ソフトバンクは22日の日本ハム戦(エスコン)に延長11回の末に4―3で競り勝ち、6カード連続の勝ち越しを決めた。5月は13勝目となり、早くも月間勝ち越しも決まり、首位・日本ハムにも2・5ゲーム差に詰め寄った。

 ロースコアのまま同点の7回以降は中継ぎ勝負となり、11回一死から柳町が右翼へ殊勲の3号ソロ。連続出塁を16試合に伸ばした一発を勝利につなげるべく、小久保裕紀監督(53)が11回の継投でドラマチックな采配に出た。

 二死三塁となり、あと1人という場面。イニングの先頭からマウンドに送り出した岩井俊介投手(23)に代え、最後を大山凌投手(23)に託した。前夜にサヨナラ打を献上した右腕は水野を空振り三振に仕留め、プロ初セーブ。その瞬間、小久保監督はベンチで珍しく感情を爆発させた。

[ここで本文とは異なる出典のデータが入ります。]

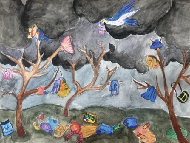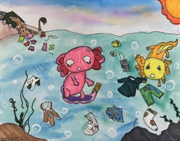 This year, we invited the New York State Children’s Environmental Health Centers (NYSCHECK) to host their own Enviro-Art–inspired fast fashion children’s climate art exhibition. It was a big success—in collaboration with the New York State district of the American Academy of Pediatrics (NYS AAP), they showcased the artworks in celebration of Children’s Environmental Health Day and in support of the New York Fashion Act. Check out all the amazing pieces here

 指揮官は試合後「左(打者)が並ぶところで水野からいくと決めていた」と継投の意図を説明した上で「昨日やられた大山が締めたらいい経験になる」と狙いを語った。痛打を浴びた翌日にしびれる場面を締めた大山の「やられっ放しで北海道から帰るのと、やり返して帰るのでは気持ちも違う。少しは自信を持って次の試合にいける」という試合後の言葉がすべてだった。

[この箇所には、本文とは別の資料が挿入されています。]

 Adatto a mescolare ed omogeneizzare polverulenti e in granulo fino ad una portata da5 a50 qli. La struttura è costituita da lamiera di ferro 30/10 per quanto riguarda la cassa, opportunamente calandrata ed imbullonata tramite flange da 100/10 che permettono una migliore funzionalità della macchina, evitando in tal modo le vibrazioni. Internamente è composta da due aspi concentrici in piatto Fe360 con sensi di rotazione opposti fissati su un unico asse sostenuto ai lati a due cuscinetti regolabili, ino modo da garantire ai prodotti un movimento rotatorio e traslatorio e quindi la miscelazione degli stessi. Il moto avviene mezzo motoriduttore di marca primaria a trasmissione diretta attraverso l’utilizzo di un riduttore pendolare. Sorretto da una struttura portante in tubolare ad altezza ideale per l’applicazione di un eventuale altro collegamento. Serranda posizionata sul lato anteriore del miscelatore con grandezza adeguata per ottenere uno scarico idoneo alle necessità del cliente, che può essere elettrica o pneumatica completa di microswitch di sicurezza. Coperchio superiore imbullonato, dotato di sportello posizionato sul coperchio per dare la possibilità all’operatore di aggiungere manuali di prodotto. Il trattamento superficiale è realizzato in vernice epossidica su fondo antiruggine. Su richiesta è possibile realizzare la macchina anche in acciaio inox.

 この交代劇は指揮官の独断だった。倉野投手コーチは「監督の決断。一番勝つ確率の高い選択だと思った」と舞台裏を明かした。11回が始まる時点でブルペンには2年目の岩井と大山、新人で一軍登板ゼロの岩崎しか残っていなかった。岩井から大山にスイッチする際、鷹将はマウンド上で岩井には先頭の四球について「なんしよるんや! 打たれても同点やないか!」と笑みを浮かべて一喝。ビクビクせず堂々といけ、というメッセージだった。勝つ確率と若い投手の成長を見据えた采配。大きな手応えが渾身のガッツポーズに表れていた。